## MATERIAL FOR THIS TASK
[Start of Attachment]

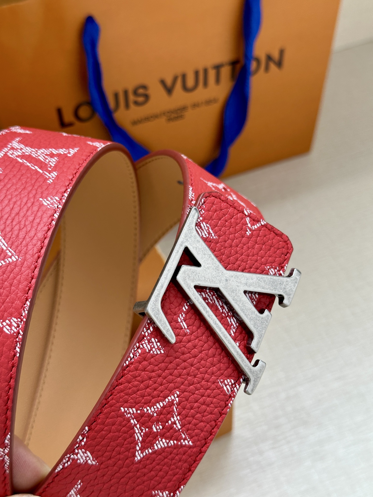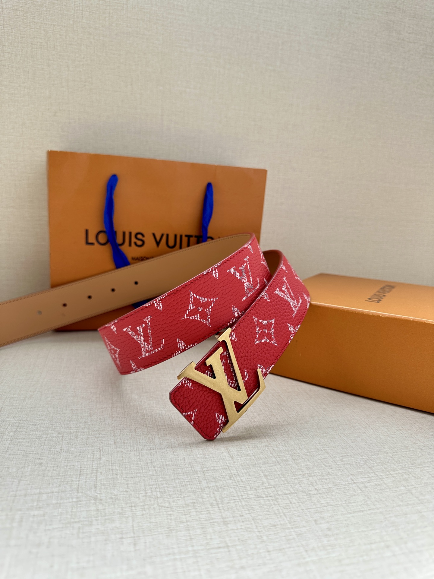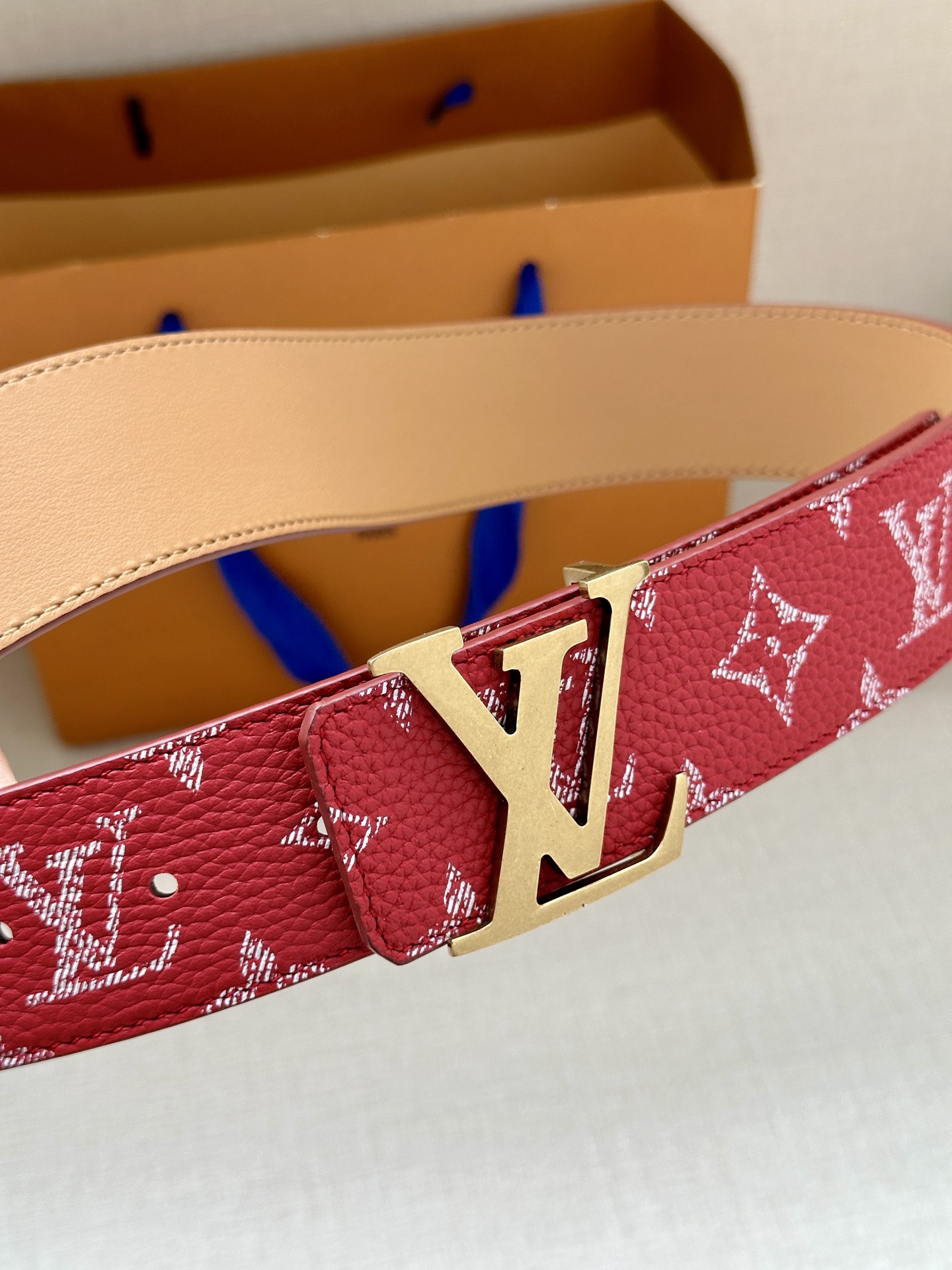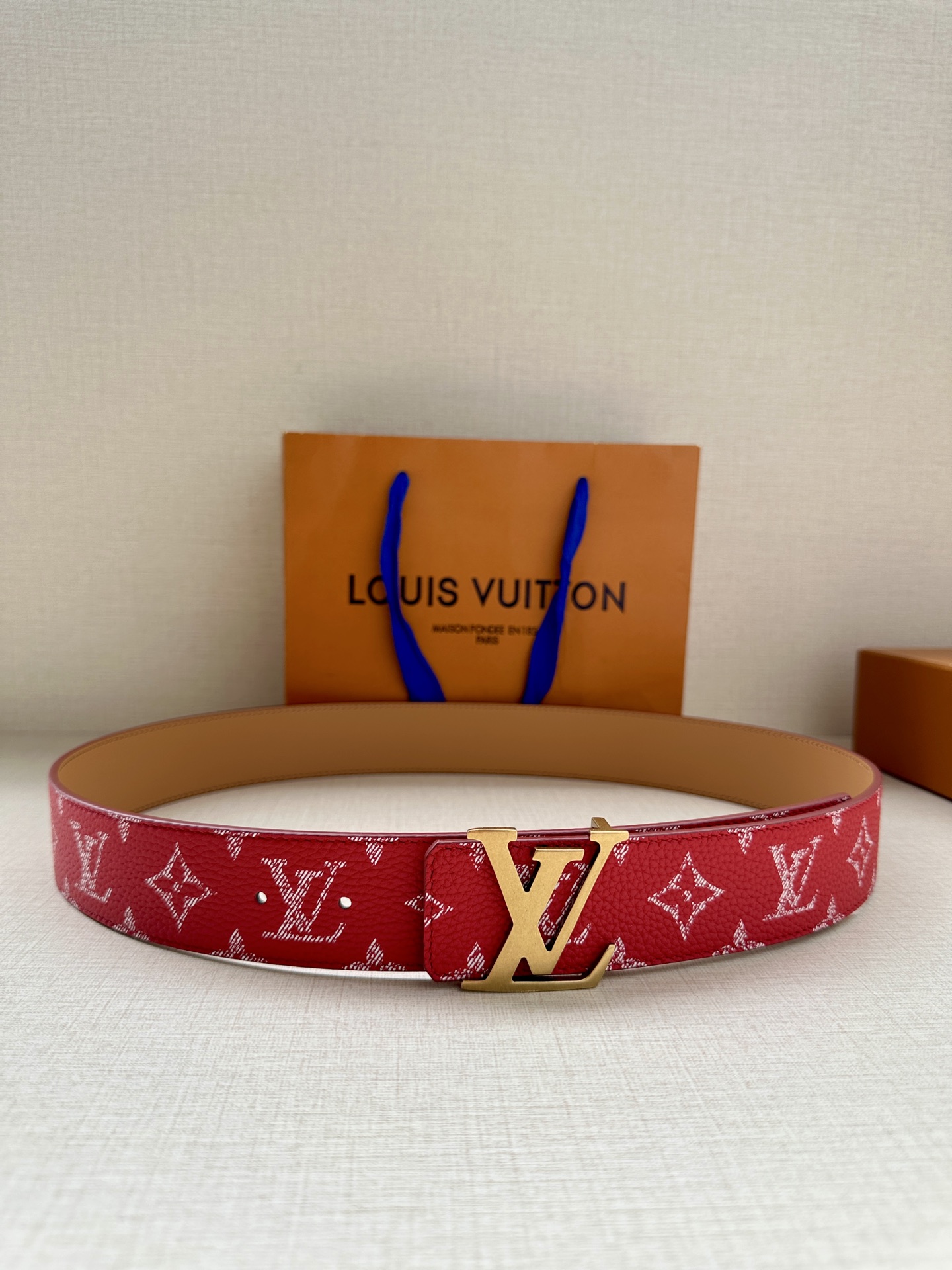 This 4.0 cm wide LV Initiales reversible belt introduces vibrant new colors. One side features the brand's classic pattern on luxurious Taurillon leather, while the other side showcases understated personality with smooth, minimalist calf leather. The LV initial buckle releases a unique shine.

[End of Attachment]
[Start of Attachment]

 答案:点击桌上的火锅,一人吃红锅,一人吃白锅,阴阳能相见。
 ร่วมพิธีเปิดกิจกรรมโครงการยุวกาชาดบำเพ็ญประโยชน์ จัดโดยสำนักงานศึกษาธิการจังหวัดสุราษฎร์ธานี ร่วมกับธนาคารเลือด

[End of Attachment]
[Start of Attachment]

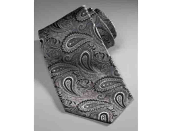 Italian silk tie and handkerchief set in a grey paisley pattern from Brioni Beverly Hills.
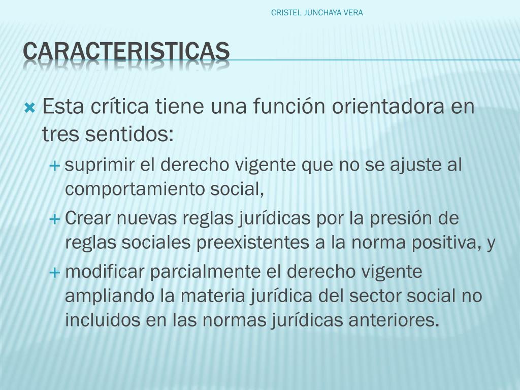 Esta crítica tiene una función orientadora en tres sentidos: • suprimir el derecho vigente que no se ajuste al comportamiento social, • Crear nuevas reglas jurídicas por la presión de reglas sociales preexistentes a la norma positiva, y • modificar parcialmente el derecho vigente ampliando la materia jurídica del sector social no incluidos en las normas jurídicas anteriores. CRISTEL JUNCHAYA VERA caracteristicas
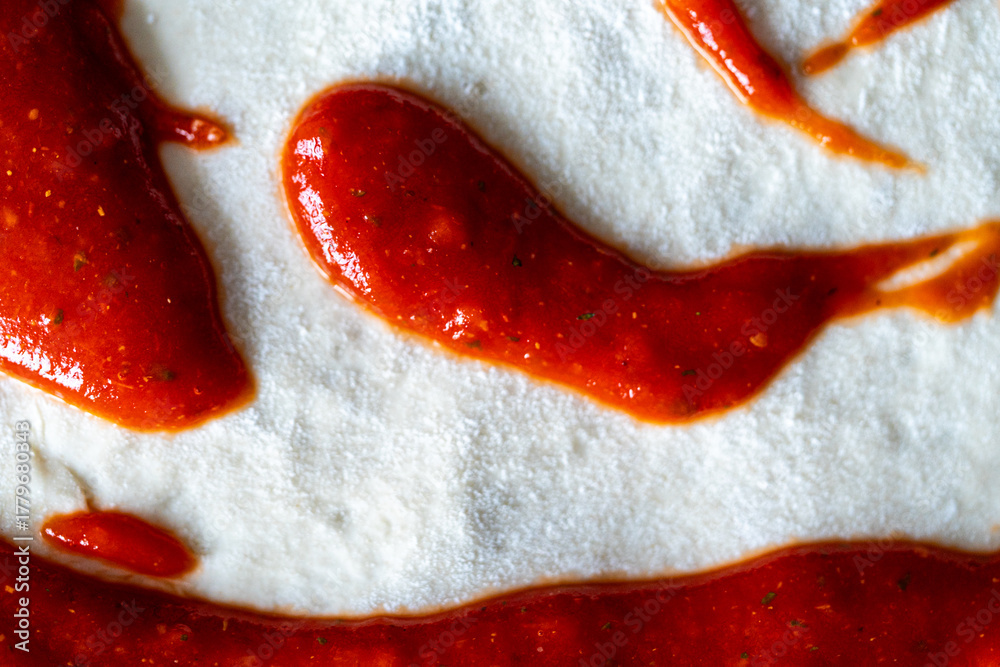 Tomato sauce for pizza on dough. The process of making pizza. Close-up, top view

[End of Attachment]

## WHAT IS REQUIRED
From the material above, reproduce only what runs from the line holding "Italian silk tie" down to the line holding "Tomato sauce for", both included, pictures excluded.

## SOLUTION FOR THIS TASK
 Italian silk tie and handkerchief set in a grey paisley pattern from Brioni Beverly Hills.
 Esta crítica tiene una función orientadora en tres sentidos: • suprimir el derecho vigente que no se ajuste al comportamiento social, • Crear nuevas reglas jurídicas por la presión de reglas sociales preexistentes a la norma positiva, y • modificar parcialmente el derecho vigente ampliando la materia jurídica del sector social no incluidos en las normas jurídicas anteriores. CRISTEL JUNCHAYA VERA caracteristicas
 Tomato sauce for pizza on dough. The process of making pizza. Close-up, top view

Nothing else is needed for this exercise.